> _What the task asks_
No pictures belong in the copy. Retype exactly, and only, the stretch of lines below from the one with "compared to HSR." through the one with "(2021)2081 云南织布鸟装饰工程有限公司西双版纳分公司 (判决公告)".

> _Given data_

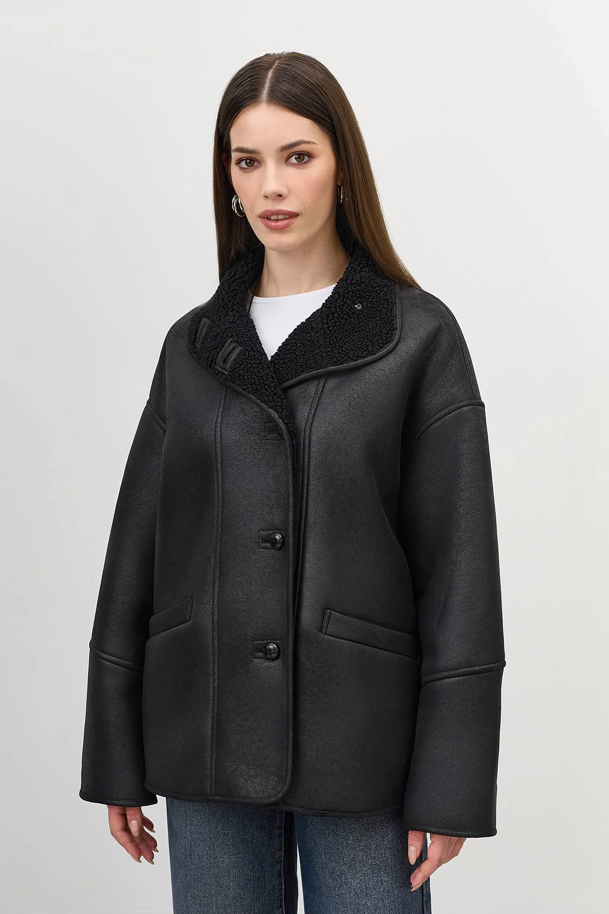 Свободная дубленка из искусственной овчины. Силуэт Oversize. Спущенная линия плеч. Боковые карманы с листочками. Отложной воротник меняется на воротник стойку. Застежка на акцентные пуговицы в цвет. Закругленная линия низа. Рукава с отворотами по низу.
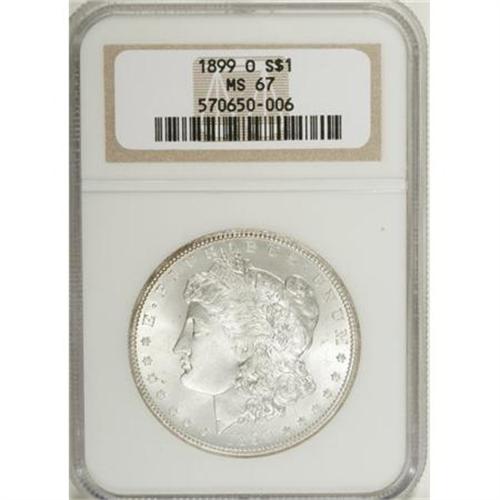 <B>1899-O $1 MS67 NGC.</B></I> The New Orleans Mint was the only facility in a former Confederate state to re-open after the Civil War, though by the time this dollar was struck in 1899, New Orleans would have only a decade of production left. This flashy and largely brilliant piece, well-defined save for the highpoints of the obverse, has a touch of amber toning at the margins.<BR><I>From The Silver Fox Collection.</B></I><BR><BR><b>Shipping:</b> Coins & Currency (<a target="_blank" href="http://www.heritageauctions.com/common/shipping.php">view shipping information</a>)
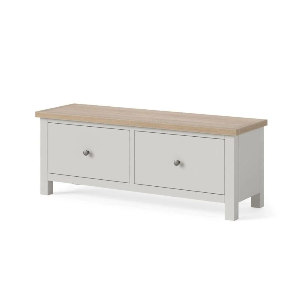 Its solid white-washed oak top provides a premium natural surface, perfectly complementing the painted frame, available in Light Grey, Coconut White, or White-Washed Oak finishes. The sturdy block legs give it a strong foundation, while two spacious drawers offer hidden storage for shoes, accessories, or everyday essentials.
--
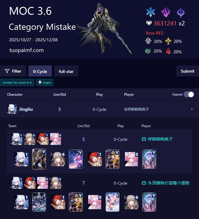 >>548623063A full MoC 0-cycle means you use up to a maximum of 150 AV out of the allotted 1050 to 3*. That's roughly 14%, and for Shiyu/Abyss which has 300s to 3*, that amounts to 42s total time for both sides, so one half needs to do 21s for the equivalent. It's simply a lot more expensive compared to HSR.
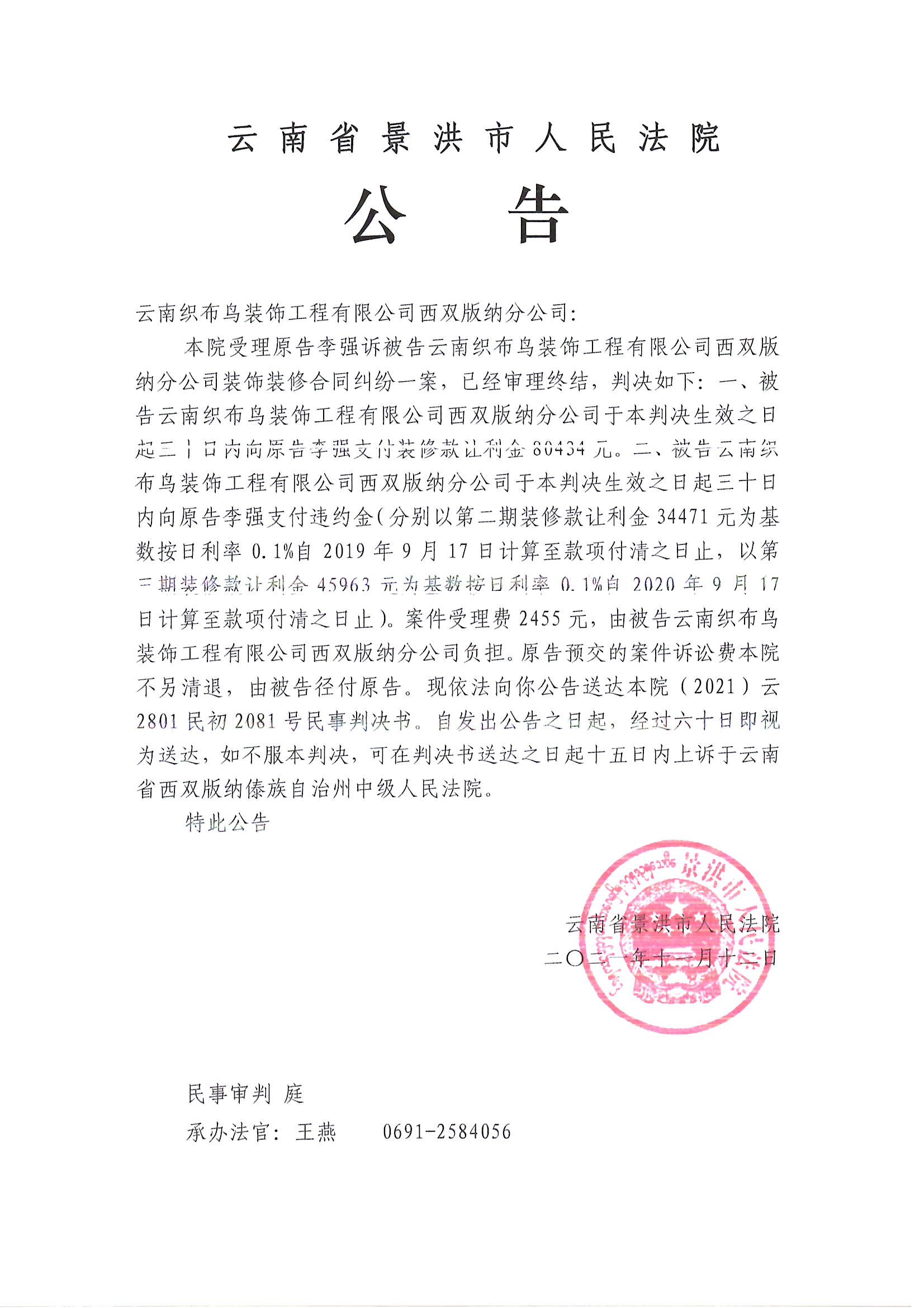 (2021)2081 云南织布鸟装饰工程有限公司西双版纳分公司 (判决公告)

> _The answer_
 >>548623063A full MoC 0-cycle means you use up to a maximum of 150 AV out of the allotted 1050 to 3*. That's roughly 14%, and for Shiyu/Abyss which has 300s to 3*, that amounts to 42s total time for both sides, so one half needs to do 21s for the equivalent. It's simply a lot more expensive compared to HSR.
 (2021)2081 云南织布鸟装饰工程有限公司西双版纳分公司 (判决公告)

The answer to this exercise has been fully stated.